Ruhr told Al Jazeera that the university has not made any attempt to stop her research. She is also employed by Planned Parenthood of the St. Louis Region and Southwest Missouri as a research coordinator. 

A spokeswoman for the university (MU) expressed support for Ruhr’s academic freedom, but appeared to distance the school from the research.

“A doctoral student in the School of Social Work is completing research at Planned Parenthood as part of her dissertation,” university spokeswoman Mary Jo Banken told Al Jazeera. “She is employed at Planned Parenthood. She receives no scholarships from MU; nor is she the recipient of any grant money for this research.”

“Chancellor [R. Bowen] Loftin has and will continue to strongly support academic freedom and the intellectual property of MU’s students and faculty,” Banken said.

Ruhr confirmed that she has not received any grants or scholarship funds from the university. She said her research is supervised by faculty in the university’s school of social work, and she expects to complete her dissertation in April 2016.

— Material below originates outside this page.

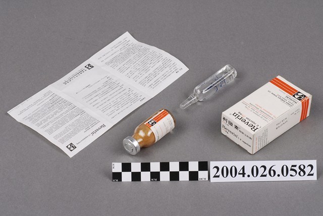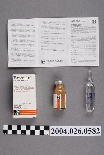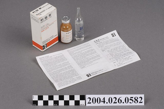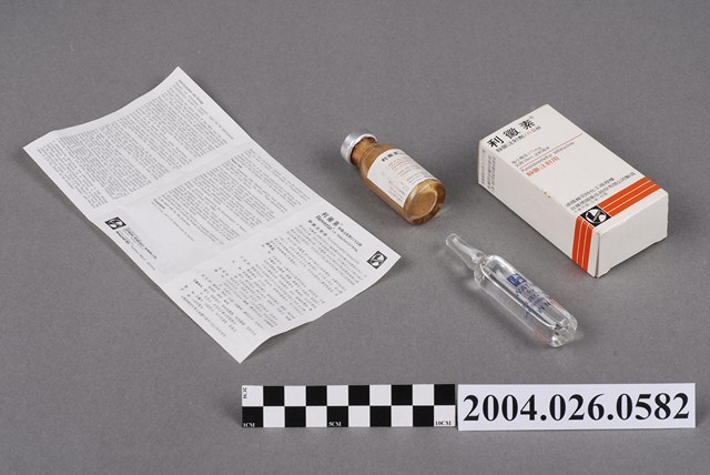 1. 本物件為台灣德國藥品股份有限公司製造利黴素靜脈注射劑。共有4種物品,分別是包裝紙盒、藥瓶、注射用水和說明書。 2. 本藥品紙盒有標示Expiry date為MAR 1984,所以FEB 80是西元1980年2月,應為製造日期。

Loftin announced Tuesday that he plans to step down from his role as chancellor following accusations from student activists that the university’s leadership did not do enough to address racial slurs and tension on campus.

Mary M. Kogut, the president and CEO of Advocates of Planned Parenthood of the St. Louis Region and Southwest Missouri, told Al Jazeera that research such as Ruhr's is important to understanding women's health.

"We thought the politicians looking at research of importance to Missouri's women was inappropriate," Kogut said.